Leave out the pictures and set down the rest of the listing below word for word.

_Stored data:_
● ● ● ● ● ● ●

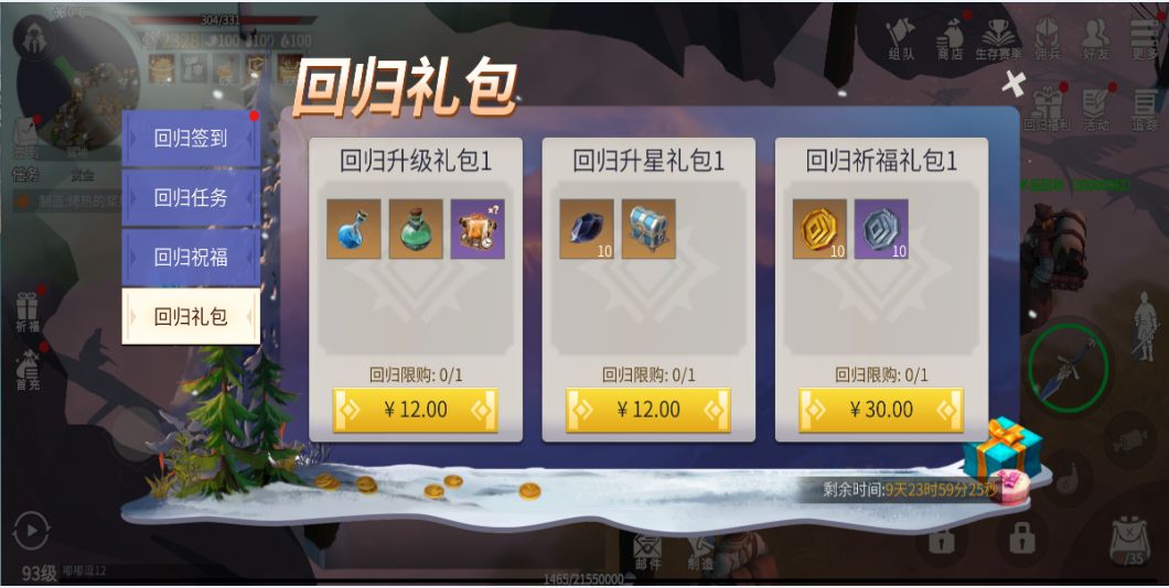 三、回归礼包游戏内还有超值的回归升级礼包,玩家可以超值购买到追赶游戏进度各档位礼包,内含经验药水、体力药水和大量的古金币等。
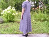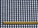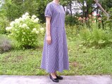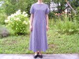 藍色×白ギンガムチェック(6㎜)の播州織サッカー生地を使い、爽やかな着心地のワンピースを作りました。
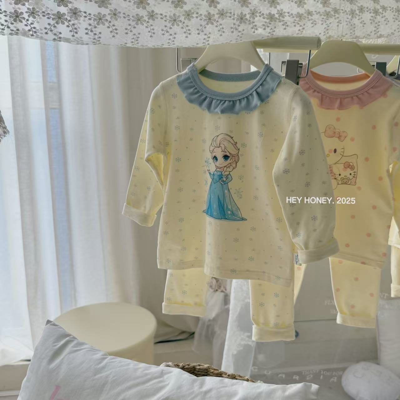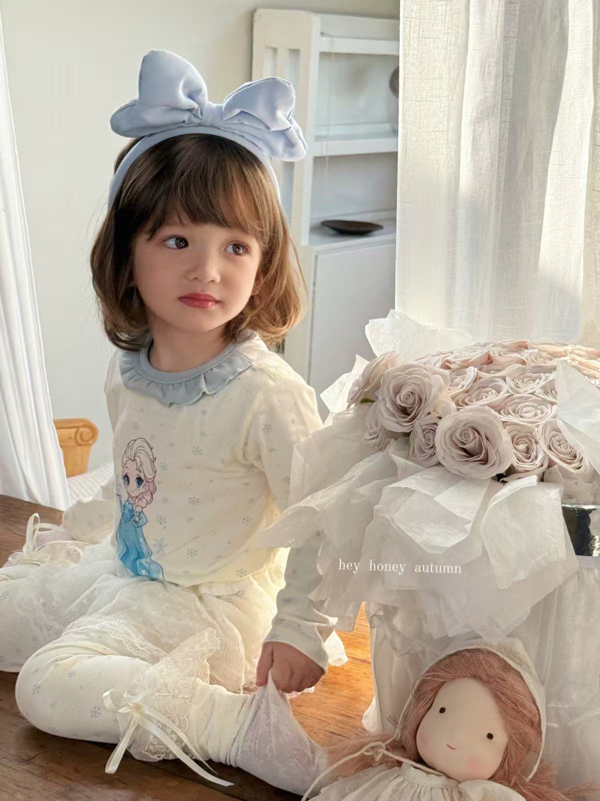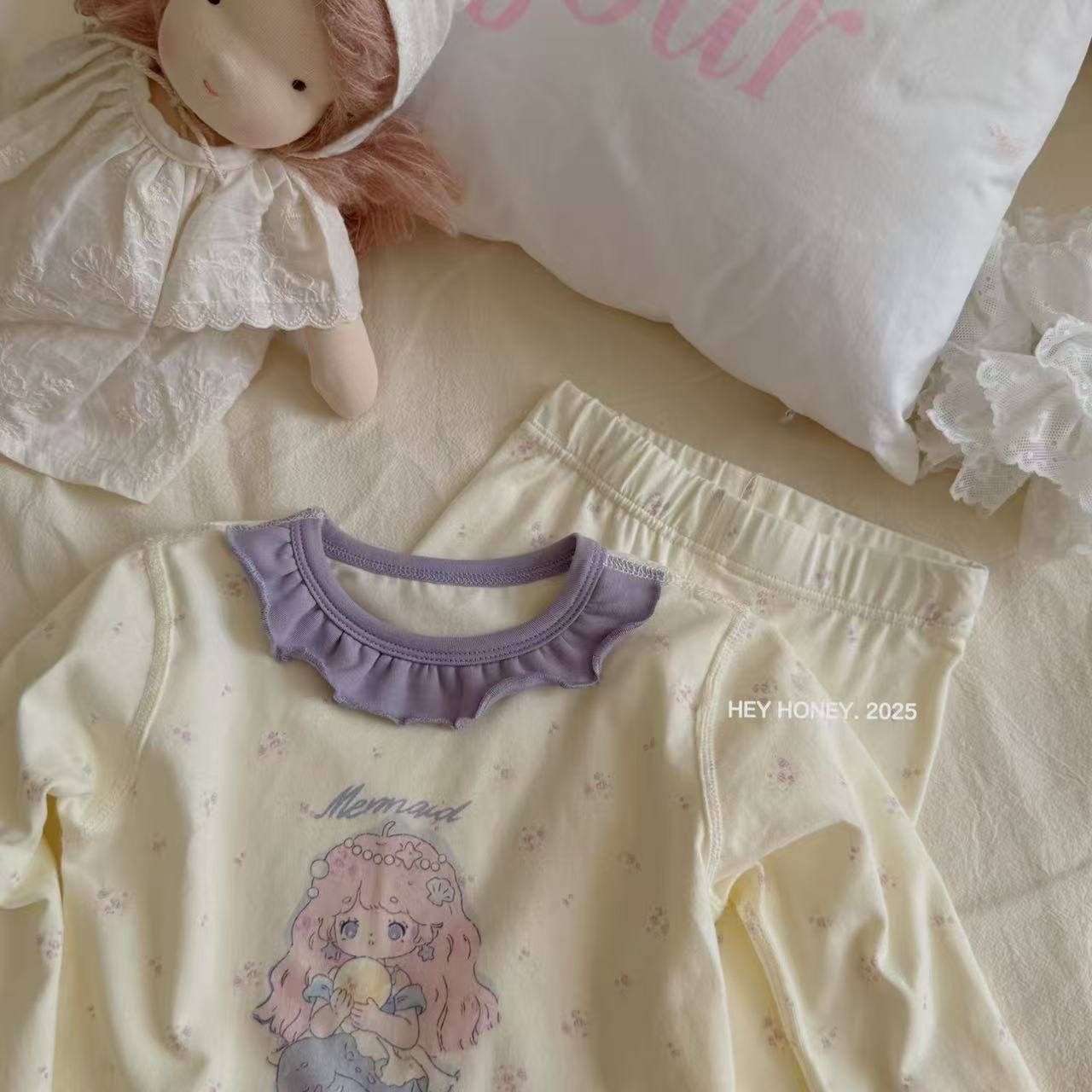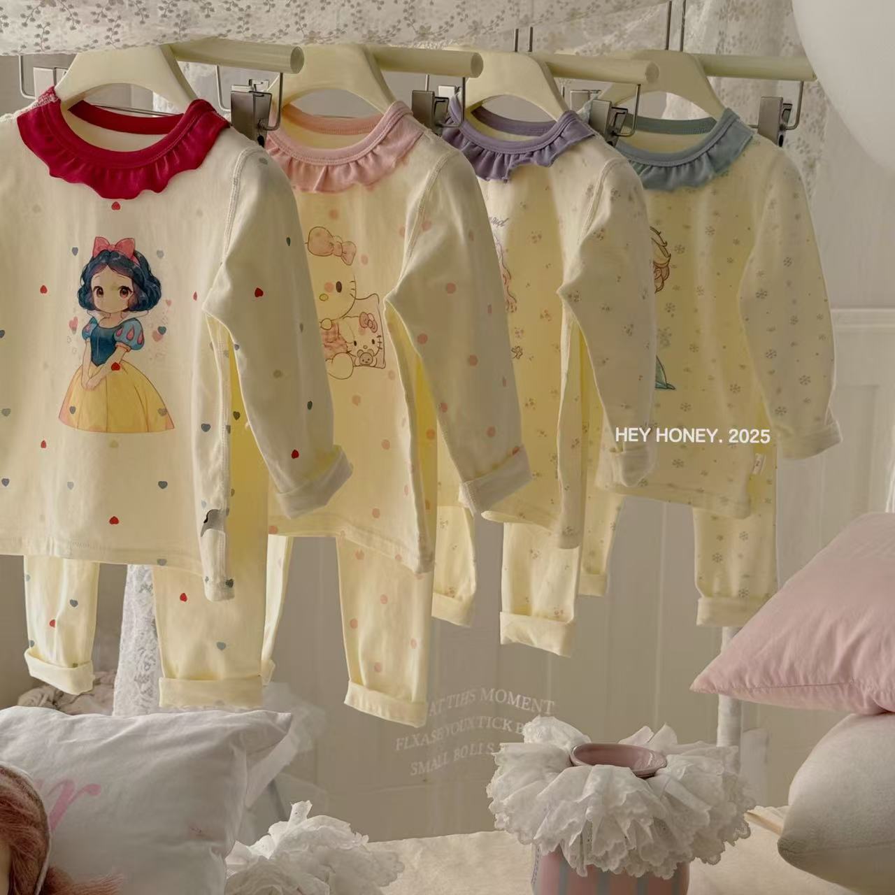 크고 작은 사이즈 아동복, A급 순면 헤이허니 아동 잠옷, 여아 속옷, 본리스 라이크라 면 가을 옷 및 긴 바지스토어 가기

● ● ● ● ● ● ●

_Problem solution:_
 三、回归礼包游戏内还有超值的回归升级礼包,玩家可以超值购买到追赶游戏进度各档位礼包,内含经验药水、体力药水和大量的古金币等。
 藍色×白ギンガムチェック(6㎜)の播州織サッカー生地を使い、爽やかな着心地のワンピースを作りました。
 크고 작은 사이즈 아동복, A급 순면 헤이허니 아동 잠옷, 여아 속옷, 본리스 라이크라 면 가을 옷 및 긴 바지스토어 가기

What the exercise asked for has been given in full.